I have been optimizing websites for over a decade, and I can tell you that no single ranking factor has changed how I work as much as Core Web Vitals. When Google first rolled these metrics out, most SEOs treated them as a minor technical checkbox. That was a mistake. In 2026, with the shift from FID to INP fully settled and Google continuing to refine how user experience affects rankings, understanding these three metrics at a deep level is not optional. It is the baseline.

In this guide, I am going to break down exactly what LCP, CLS, and INP measure, how to diagnose problems with each one, and the specific fixes that have worked across dozens of client projects here in Barcelona and beyond. No fluff, no theory without application. Just what works.

What Each Core Web Vital Actually Measures

Before you can fix anything, you need to understand what Google is actually tracking. Each metric targets a different dimension of user experience, and confusing them leads to wasted effort.

LCP: Largest Contentful Paint

LCP measures how long it takes for the largest visible element in the viewport to fully render. This is usually a hero image, a large text block, or a video poster frame. Google considers anything under 2.5 seconds as good, between 2.5 and 4 seconds as needing improvement, and anything over 4 seconds as poor.

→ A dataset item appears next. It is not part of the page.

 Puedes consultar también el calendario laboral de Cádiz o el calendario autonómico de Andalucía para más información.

What most people miss is that LCP is not a single event. It is made up of four sub-parts, and understanding them is the key to effective optimization:

  1. Time to First Byte (TTFB) – The time from the user’s request to the first byte of the HTML response arriving. This is server-side performance.
  2. Resource Load Delay – The gap between TTFB and when the browser starts loading the LCP resource (image, font, etc.). This happens when the resource is not discoverable early in the HTML.
  3. Resource Load Duration – How long the actual file takes to download. File size and CDN performance matter here.
  4. Element Render Delay – The time between the resource finishing download and the element actually painting on screen. Render-blocking CSS and JavaScript cause this.

When I diagnose LCP issues, I always figure out which sub-part is the bottleneck first. Optimizing image size when TTFB is 3 seconds is a waste of time.

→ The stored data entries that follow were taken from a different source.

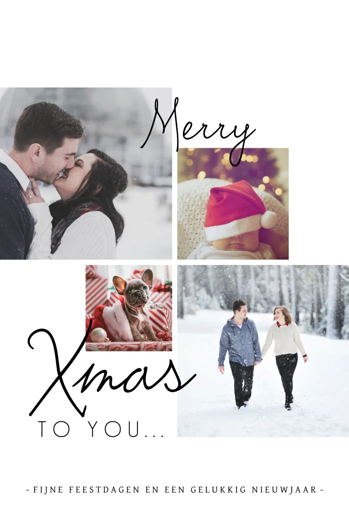 Eenvoudige kerstkaart met een modern en strak ontwerp. Voeg mooie collage van foto's toe en schrijf een eigen kerstwens. Zo gedaan in de online editor!
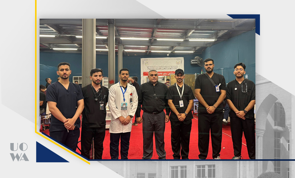 Amidst the sublime spiritual atmosphere of the immortal Arbaeen pilgrimage, the Deanship of the College of Medicine at Warith al-Anbiya University extends its highest expressions of appreciation, pride, and respect to our dear students participating in the medical service detachments deployed along all pilgrims' routes. We express our deep appreciation for the time, effort, and expertise they have devoted to treating, curing, and alleviating the pain of the honorable pilgrims. This would not have been possible without the desire, knowledge, and skill of this good group of our sons and daughters, which enabled them to perform this great task. The evaluations we received from the doctors supervising the work of our volunteer students were wonderful and a source of pride for us all. All supervisors noted the high discipline of our dear students, in addition to their academic potential and clinical skills, which qualify them to work at all times and under the most difficult conditions. This undoubtedly reflects the efforts of the college's professors in training and developing the theoretical, practical, and clinical skills of our dear students. This would not have been possible without the continuous support and ongoing supervision of the esteemed University President. In conclusion, we can only say:
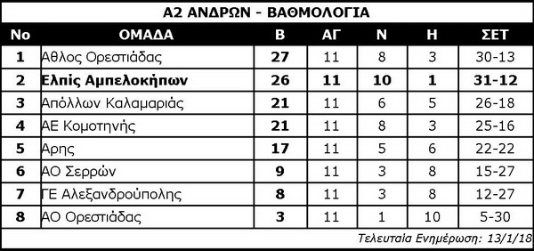 Νικηφόρο ήταν το ξεκίνημα του 2018 για την ανδρική ομάδα βόλεϊ, η οποία νίκησε τον ΑΟ Σερρών με 3-1 και παρέμεινε στην δεύτερη θέση της Α2. Για τους «πράσινους» ακολουθεί το ντέρμπι με τον Αθλο στην Ορεστιάδα, που προηγείται με διαφορά ενός βαθμού, ενώ η είσοδος στην πρώτη τετράδα έχει εξασφαλιστεί. Ωστόσο αυξάνονται και οι τραυματισμοί, καθώς στους Καραβιδόπουλο και Νικολαΐδη προστέθηκε χτες και ο λίμπερο Θάνος Κουκούλης.

CLS: Cumulative Layout Shift

CLS measures visual stability. Every time an element on the page moves unexpectedly after it has rendered, that counts as a layout shift. Google scores this using session windows: it groups shifts that occur within 1 second of each other (with a maximum window of 5 seconds), and your CLS score is the largest single session window total. Good is under 0.1, poor is above 0.25.

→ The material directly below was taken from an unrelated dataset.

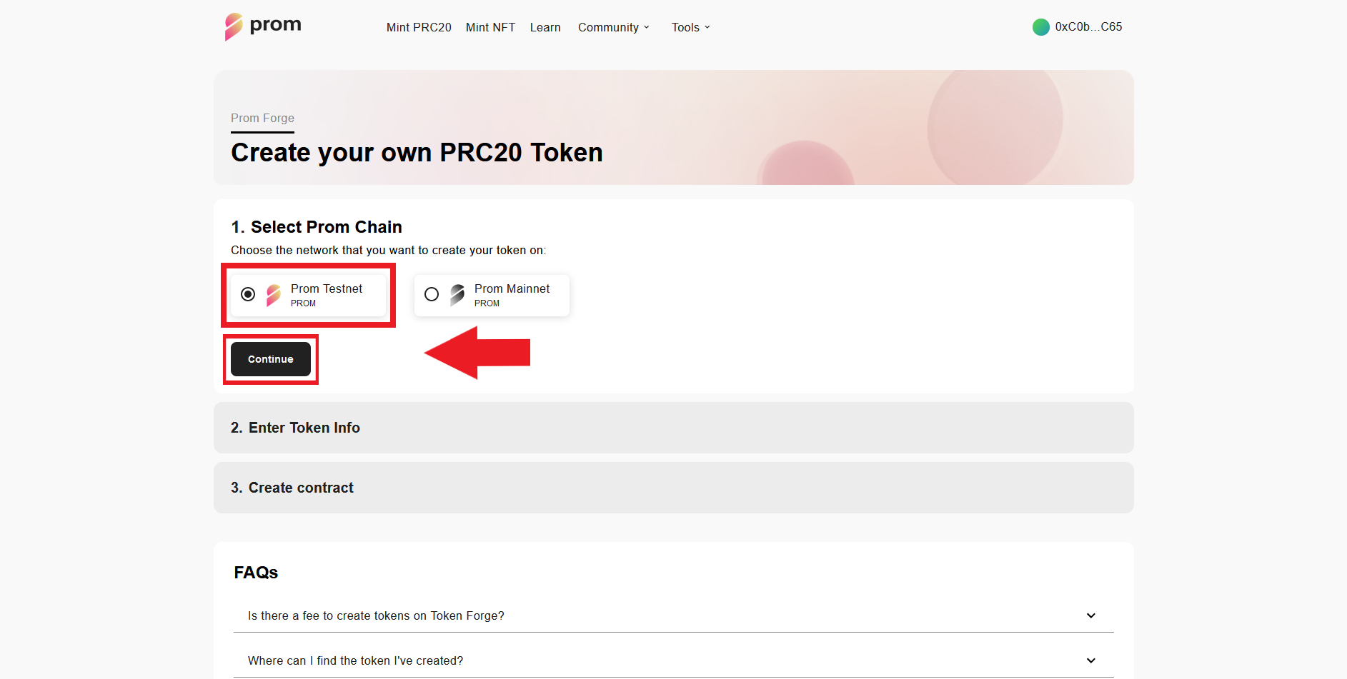 To do this, go to Prom Faucet, insert your MetaMask wallet address and press "Get Tokens".

The session window approach matters because it means a page that loads and has one burst of shifts early on will score differently than a page that has small shifts happening throughout the entire user session. Google is looking at the worst burst, not the cumulative total of every shift during the entire page lifecycle. This was a change from the original CLS calculation and it made the metric much fairer for long-lived pages like single-page applications.

INP: Interaction to Next Paint

INP replaced FID in March 2024, and this was a significant upgrade. FID only measured the delay before the browser could start processing the first interaction. INP measures the full latency of interactions throughout the entire page lifecycle, from input to the next visual update. It reports the worst interaction (with some outlier smoothing on pages with many interactions).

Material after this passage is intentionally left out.